Calibration: Determining Quantization Parameters

To effectively map the floating-point range of activations to a lower-precision integer range, we need to determine appropriate quantization parameters: a scale factor ( $s$ ) and a zero-point ( $z$ ). The general mapping is:

\text{quantized\_value} = \text{round}(\frac{\text{float\_value}}{s}) + z

The process of finding optimal $s$ and $z$ values is called calibration. It typically involves feeding a representative dataset (a subset of the training or validation data, often a few hundred to a few thousand samples) through the model and observing the range of activation values at different points in the network. Several calibration techniques exist:

Min-Max Calibration: This is the simplest method. Record the minimum ( $x_{min}$ ) and maximum ( $x_{max}$ ) activation values observed during calibration. The scale $s$ and zero-point $z$ are then calculated to map this observed range $[x_{min}, x_{max}]$ to the target integer range (e.g., $[-128, 127]$ for signed INT8).
- Pros: Simple to implement.
- Cons: Highly sensitive to outliers. A single extreme value can drastically worsen the quantization resolution for typical values.
Mean Squared Error (MSE) Calibration: This approach iterates through different potential clipping ranges (thresholds) within the observed min-max range. For each threshold, it calculates the quantization parameters and measures the average squared error between the original floating-point activations and their quantized-dequantized equivalents. The threshold that minimizes this MSE is chosen.
- Pros: Often finds a better trade-off between clipping outliers and maintaining resolution for the bulk of the distribution compared to simple Min-Max.
- Cons: More computationally intensive than Min-Max due to the search over thresholds.
Entropy (KL Divergence) Calibration: This method aims to minimize the information loss during quantization. It selects quantization parameters ( $s$ and $z$ ) such that the Kullback-Leibler (KL) divergence between the distribution of the original floating-point activations and the distribution of the quantized-dequantized activations is minimized.
- Pros: Often considered the most effective, particularly for non-uniform distributions, as it directly tries to preserve the shape of the original activation distribution.
- Cons: Can be the most computationally complex calibration method.
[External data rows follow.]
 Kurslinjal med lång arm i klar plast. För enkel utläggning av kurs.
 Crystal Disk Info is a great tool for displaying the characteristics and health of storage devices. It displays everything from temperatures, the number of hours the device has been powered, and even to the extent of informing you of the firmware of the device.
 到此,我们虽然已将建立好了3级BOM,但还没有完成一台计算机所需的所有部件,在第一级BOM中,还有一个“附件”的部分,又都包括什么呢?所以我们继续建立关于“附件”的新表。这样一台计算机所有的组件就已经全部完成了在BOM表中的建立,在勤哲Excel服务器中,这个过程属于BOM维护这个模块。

Here's a PyTorch-style illustration of how observers are used during calibration for a specific activation tensor:

import torch

# Assume 'activation_tensor' holds the activations from a specific layer
# during a forward pass with calibration data.
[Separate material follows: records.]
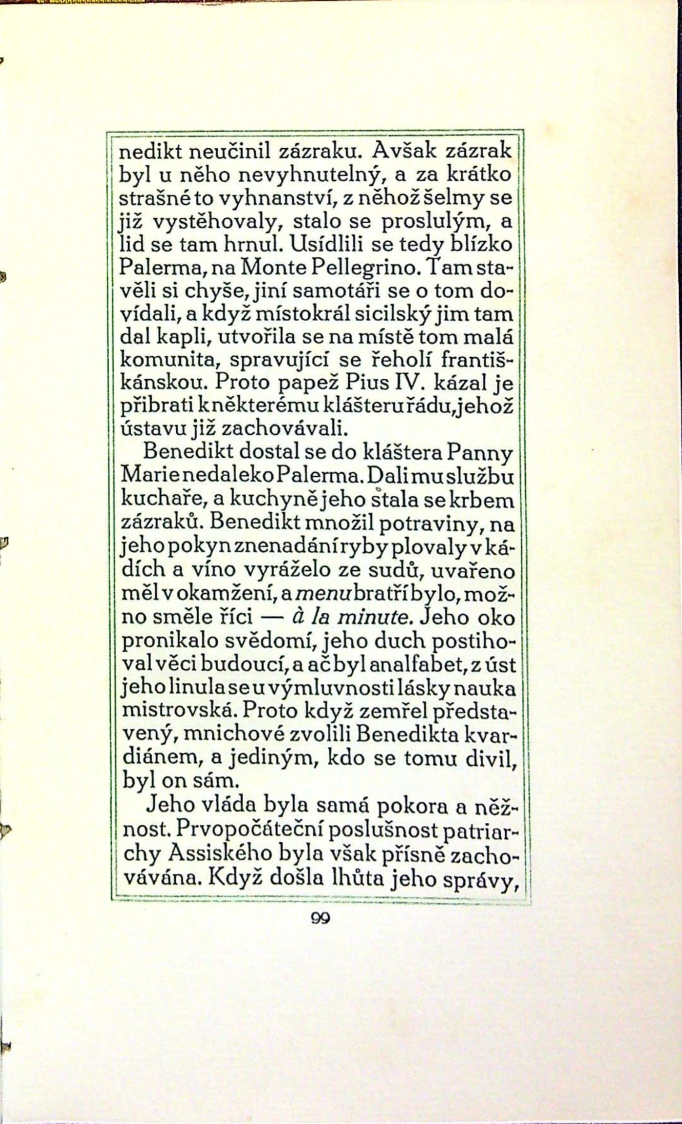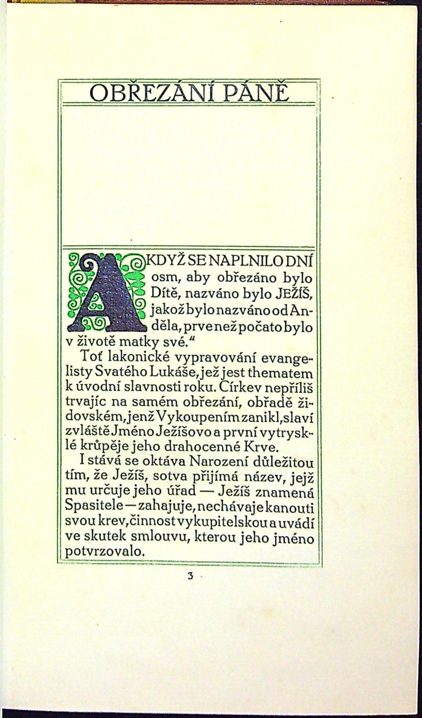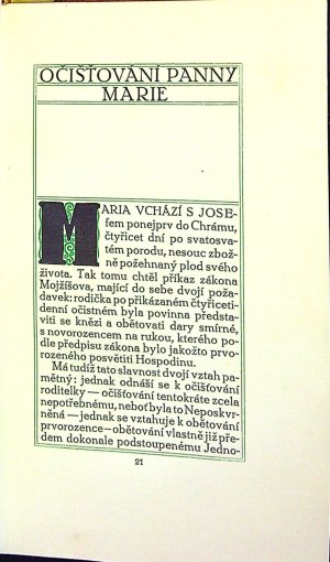 Jeden z 380 vydaných výtisků tištěných na rýhovaném papíře s průsvitkou, předsádky z ručního papíru Roma, dvoubarevný tisk, všechny strany textu jsou zarámovány ve dvojitém zeleně tištěném rámečku, široké okraje, arabské číslování stran pod rámečkem uprostřed, v textu řada dvoubarevně tištěných plných iniciál na rostlinném pozadí zalomených do výše pěti řádků, na tit. listě viněta, na listech se jmény jednotlivých měsíců vícebarevně tištěné ilustrace, zčásti zlacené, vše práce Karl Schwetze, který knihu též graficky upravil. - Dobová kožená vazba, ve hřbetu tlačený a zlacená název a při jeho horním i spodním okraji tlačený a zlacený ornament, barvená svrchní ořízka.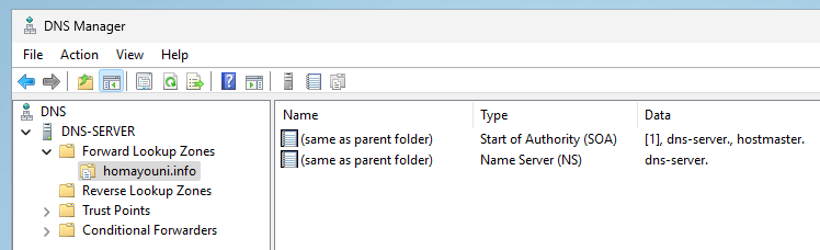 هر Forward Zone به محلی ذیل یک دامنه مثل homayouni.info یا example.com گفته میشود که تمامی انواع رکوردهای DNS قابل تعریف ذیل آن دامنه هستند. در Forward Zone وظیفهی اصلی تبدیل دامنه به آدرس IP میباشد. به عنوان مثال برای homayouni.info یک Forward Zone در یک DNS Server وجود دارد که شامل تمامی رکوردهای مربوط به این دامنه (اعم از A Record و …) مثل kb.homayouni.info و gitlab.homayouni.info و … میباشد.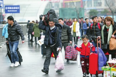 春节长假刚刚过去,春运也进入下半程。受客流叠加影响,沪上各大机场、车站迎来返程高峰。昨天下午在铁路上海站北广场,旅客带着大小行李回到上海。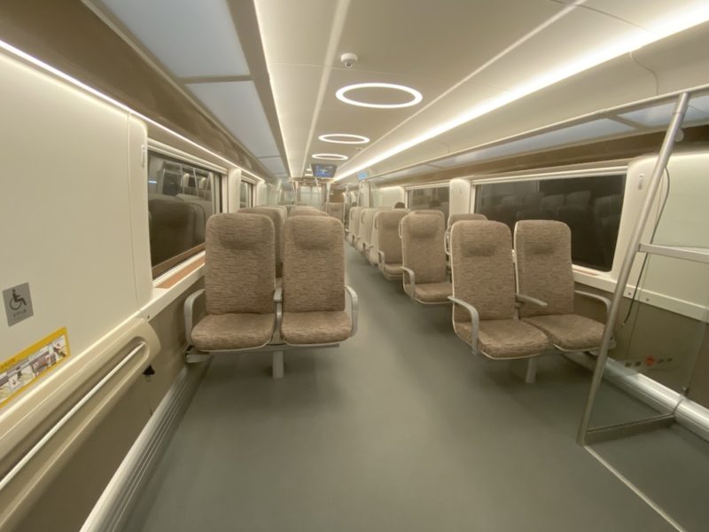 Расположение мест в бизнес-классе по схеме 1-2, каждое кресло оборудовано откидывающимся столиком, лампой для чтения и зарядным портом USB. Стандартный класс имеет конфигурацию 2-2, где все сиденья оснащены USB-разъёмом для подзарядки мобильных устройств.

# --- Calibration Phase ---
# Observer object tracks statistics
# Example: MinMaxObserver
class MinMaxObserver:
    def __init__(self):
        self.min_val = torch.tensor(float('inf'))
        self.max_val = torch.tensor(float('-inf'))

    def forward(self, x):
        # Detach tensor to avoid tracking
        # gradients during observation
        x_detached = x.detach()
        self.min_val = torch.min(x_detached, self.min_val)
        self.max_val = torch.max(x_detached, self.max_val)
        return x # Pass input through unmodified
                 # during calibration

    def calculate_qparams(self, dtype=torch.qint8):
        # Determine scale and zero_point based on
        # observed min/max
        qmin = torch.iinfo(dtype).min
        qmax = torch.iinfo(dtype).max

        scale = (self.max_val - self.min_val) / float(qmax - qmin)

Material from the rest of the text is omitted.